The Invisible Man has the special distinction of being the last good movie seen in theaters this year. Now you can be scared by the Elisabeth Moss thriller at home, too.
Do you remember February? It was a time before the million-years-long March, split-second April and already-over May, back when the only reason you didn’t go outside was because it was cold. The world has changed immeasurably since then and, funnily enough, entertainment releases have become one small way to mark the passage of time.
The Invisible Man was the last movie — certainly the last good movie — that many saw in theaters before states went issued stay-at-home orders and people began to take social distancing and quarantining seriously. After transitioning the theatrical release to at-home rental in March, Universal has finally made the Elisabeth Moss horror remake available to own.
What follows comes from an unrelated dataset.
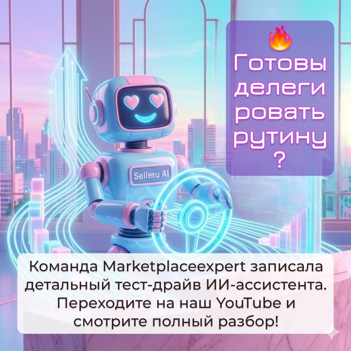 TG_POST 🔥 Готовы делегировать рутину? Команда Marketplaceexpert записала детальный тест-драйв ИИ-ассистента. Переходите на наш YouTube и смотрите полный разбор! Попробуй 5 запросов бесплатно - проверь ИИ на самом сложном вопросе!

Already available to buy on digital, The Invisible Man is now available on 4K Ultra HD, Blu-ray and DVD, complete with special features and deleted scenes including a featurette on Moss’s experience preparing and performing the role as well as one in which director Leigh Whannell takes viewers through the principal photography.
We here at FanSided like to mark the occasion of a home release by opening up what we call a time capsule, bringing you back to what critics and fans were saying the opening weekend.
The Invisible Man is out now on 4K Ultra HD, Blu-ray, DVD and digital
DJ Rivera gave The Invisible Man a glowing review for FanSided, complimenting Whannell’s ability to craft his own story and make the horror premise his own, further applauding how the film “plays out like an intriguing metaphor on how many have dismissed women’s claims of abuse in the past or that the degrading treatment is just in their heads.”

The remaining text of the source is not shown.